* [DATA FOR ANALYSIS]:
:::

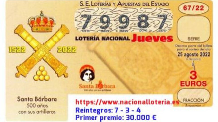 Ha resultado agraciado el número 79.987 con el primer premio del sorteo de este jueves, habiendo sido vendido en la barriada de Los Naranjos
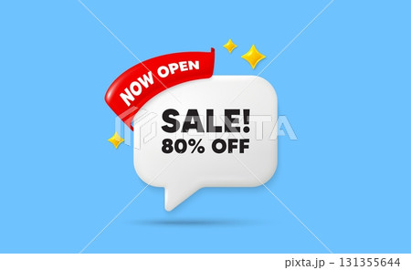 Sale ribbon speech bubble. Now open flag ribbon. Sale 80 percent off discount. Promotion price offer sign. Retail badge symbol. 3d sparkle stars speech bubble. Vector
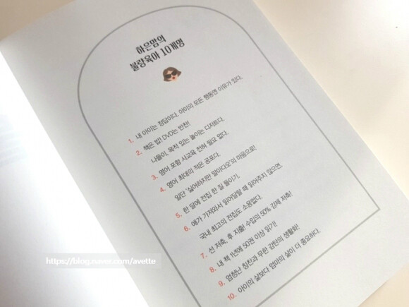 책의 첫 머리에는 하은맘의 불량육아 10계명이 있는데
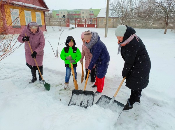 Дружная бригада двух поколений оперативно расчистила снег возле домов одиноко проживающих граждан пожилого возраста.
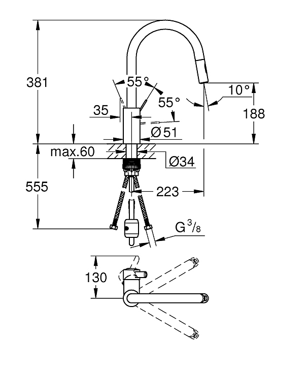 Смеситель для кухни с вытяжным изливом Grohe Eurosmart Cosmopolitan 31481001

:::

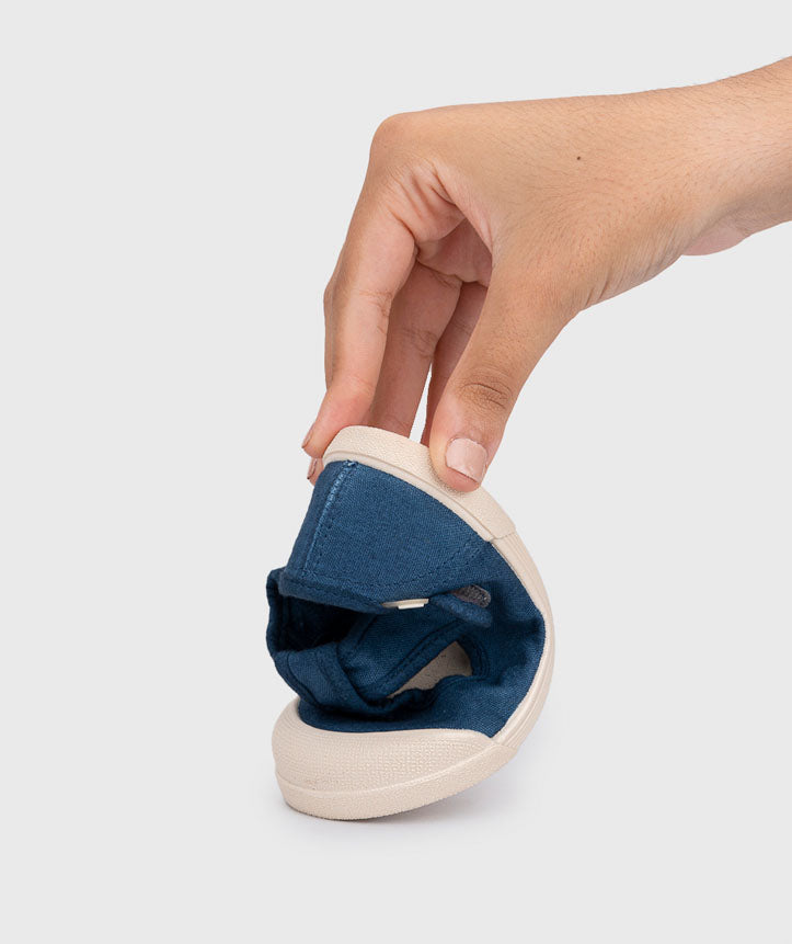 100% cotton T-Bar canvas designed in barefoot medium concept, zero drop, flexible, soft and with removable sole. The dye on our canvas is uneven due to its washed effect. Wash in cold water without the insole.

:::

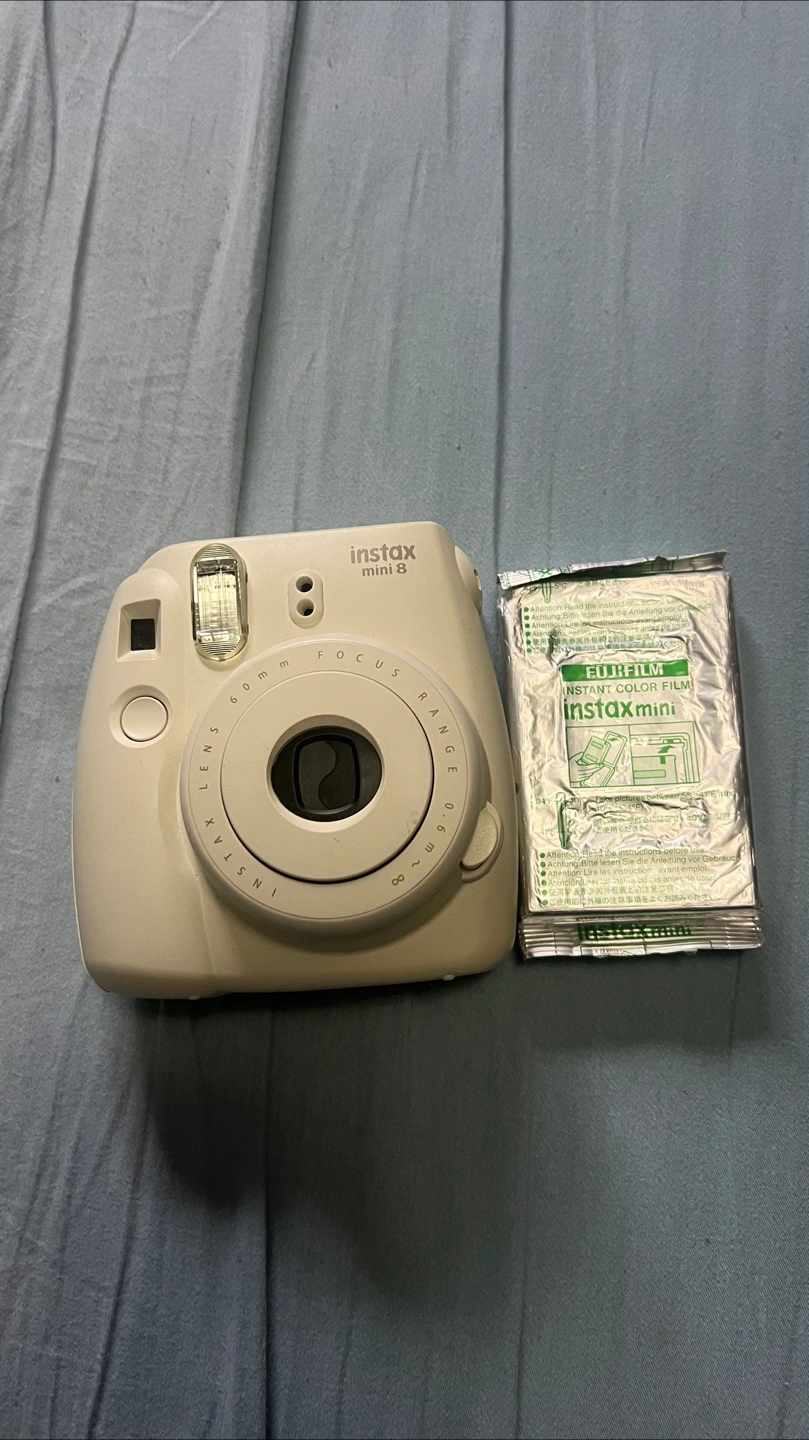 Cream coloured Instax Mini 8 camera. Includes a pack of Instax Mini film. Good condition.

:::

* [YOUR INSTRUCTIONS]: Given the entries above, transcribe exactly the lines from the one holding "Ha resultado agraciado" through the one holding "Смеситель для кухни"; pictures do not belong in the transcription.

* [EXERCISE RESPONSE]:
 Ha resultado agraciado el número 79.987 con el primer premio del sorteo de este jueves, habiendo sido vendido en la barriada de Los Naranjos
 Sale ribbon speech bubble. Now open flag ribbon. Sale 80 percent off discount. Promotion price offer sign. Retail badge symbol. 3d sparkle stars speech bubble. Vector
 책의 첫 머리에는 하은맘의 불량육아 10계명이 있는데
 Дружная бригада двух поколений оперативно расчистила снег возле домов одиноко проживающих граждан пожилого возраста.
 Смеситель для кухни с вытяжным изливом Grohe Eurosmart Cosmopolitan 31481001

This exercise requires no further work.